Во-вторых, из всех частей речи для нас важнейшим является отпричастное наречие. Это вот что: если герой вздохнул — то «страдающе за префекта»; а если взял в руку телефон — то «взвешивающе качнул на ладони мобильник». Уже существующие в языке наречия, деепричастия и прочие избитые средства используют только примитивные люди.

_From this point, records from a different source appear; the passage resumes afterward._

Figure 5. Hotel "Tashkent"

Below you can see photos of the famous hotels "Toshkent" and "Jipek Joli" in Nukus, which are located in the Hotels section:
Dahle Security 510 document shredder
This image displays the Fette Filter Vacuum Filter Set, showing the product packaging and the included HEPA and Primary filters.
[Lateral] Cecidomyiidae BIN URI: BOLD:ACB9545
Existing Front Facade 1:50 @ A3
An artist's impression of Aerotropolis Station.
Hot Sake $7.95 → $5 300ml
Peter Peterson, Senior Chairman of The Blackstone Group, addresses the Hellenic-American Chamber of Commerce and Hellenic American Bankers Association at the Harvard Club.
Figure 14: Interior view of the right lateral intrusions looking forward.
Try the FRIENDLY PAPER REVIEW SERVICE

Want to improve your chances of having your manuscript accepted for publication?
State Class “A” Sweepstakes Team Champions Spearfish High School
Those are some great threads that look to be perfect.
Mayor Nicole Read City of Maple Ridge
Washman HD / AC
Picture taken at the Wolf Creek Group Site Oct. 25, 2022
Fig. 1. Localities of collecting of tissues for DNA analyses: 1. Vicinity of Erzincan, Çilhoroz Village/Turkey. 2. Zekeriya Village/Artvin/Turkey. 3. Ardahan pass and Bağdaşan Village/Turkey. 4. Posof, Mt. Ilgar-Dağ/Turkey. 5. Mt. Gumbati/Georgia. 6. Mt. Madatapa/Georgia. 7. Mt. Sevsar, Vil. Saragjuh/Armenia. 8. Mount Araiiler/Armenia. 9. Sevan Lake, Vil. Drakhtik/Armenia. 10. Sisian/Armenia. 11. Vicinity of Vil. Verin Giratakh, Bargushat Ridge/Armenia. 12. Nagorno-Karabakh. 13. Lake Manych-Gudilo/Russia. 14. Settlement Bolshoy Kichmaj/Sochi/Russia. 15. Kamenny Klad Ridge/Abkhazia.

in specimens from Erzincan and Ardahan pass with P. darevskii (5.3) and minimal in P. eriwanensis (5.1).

В-третьих и в-главных: основа всех основ — любовь к родной природе, чьи чарующие метаморфозы символизируют переменчивый внутренний мир героя: «Зима прошла, шла и прошла стремительно, летела сквозь, не замораживая, вывешивала солнце и полыхала в окно около полудня, а потом натянулись березовые струны, из-под снега вылезли космы спутанной, как спросонья, травы, под балконами обнажились дорожки сигаретных окурков, грибами полезли из-под снега бутылки <…> летали вороны, расставив хилые, словно покромсанные ножницами крылья, высыхали и пылились автомобильные крыши — время года не имело для Эбергарда значения, Эрны ведь нет», — о если бы, молит в душе читатель — если бы время года потеряло значение и для автора!

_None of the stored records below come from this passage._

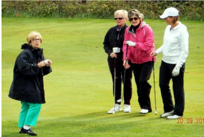
Friends enjoying Collier's golf tournament.

God calls us into community. We live this out by spending time together and being there for each other.
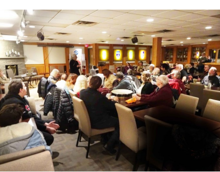
A capacity audience enjoyed the show

The Singer's Night provided the talented singers an opportunity to showcase their songs. In the past, many of the musical evenings have revolved around instrumental sessions, so it was great to let the singers loose, and hear them showcase their vocal abilities. Comhaltas Winnipeg wishes to express thanks and appreciation to the wonderful singers who volunteered to make this event a big success.
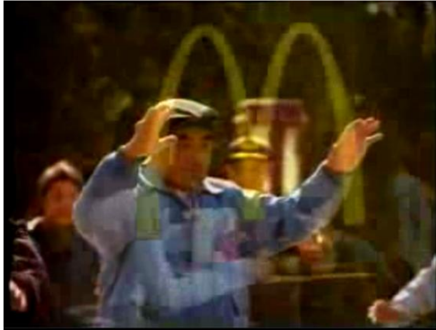
Figure 4.7 People practice TaiJi from McDonald's "Good Times" ad.

Figure 4.7 (McDonald's, 2011b) is featuring an old man practicing TaiJiQuan. His movement of the arms looks like the Big M image of McDonald's. When talking about family, the Chinese will think about the extended family which includes not only parents and children, but also grand-parents, great grand-parents, uncles, aunts and cousins. "With a greater frequency than many other immigrant groups, Asian Pacific immigrants to the United States – most especially, recent immigrants – invite members of such extended families to visit them in the United States" (Mueller, 2008, p. 2013). For most Asian cultures, family refers to the extended family and the members in the extended family are close.
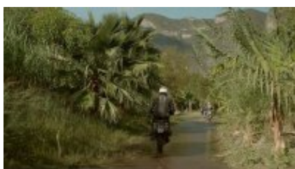
6 - Sayulita - Tlaquepaque - Sayulita - Tlaquepaque
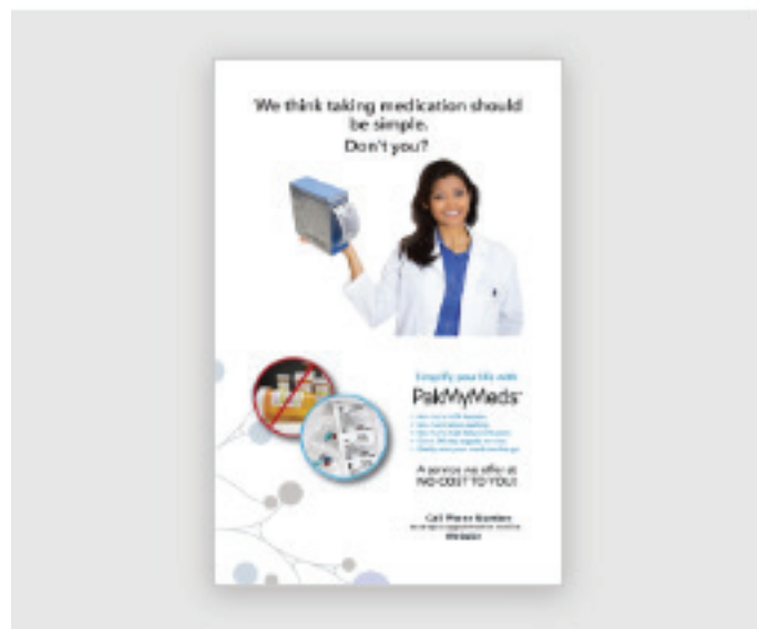
5" x 8"

Напрасная надежда, за зимой приходит весна, а там лето и осень, а еще ведь бывают дождь, листопад и другие осадки и природные явления, и автор не обойдет вниманием ни одно. За счет этого в романе Терехова почти 600 страниц, и я не могу найти этому другой причины, кроме все тех же советских генов. Вспоминается невольно «тайная, бессознательная {-tsr-}причина катастрофического российского многословья», которую Сергей Довлатов видел в том, что авторам платили за объем написанного: «Допустим, автор хочет вычеркнуть какую-нибудь фразу. А внутренний голос ему подсказывает: "Ненормальный! Это же пять рублей! Кило говядины на рынке..."» Так или не так, но под этой — лирической — частью куда надежнее, чем за привычными уже подробными описаниями непотребств, погребен сатирический замысел. Мне даже жалко почти пелевинского глобального вопроса, к которому восходят «Немцы» в конце — редкому читателю погодные условия и природные явления позволят до него добраться.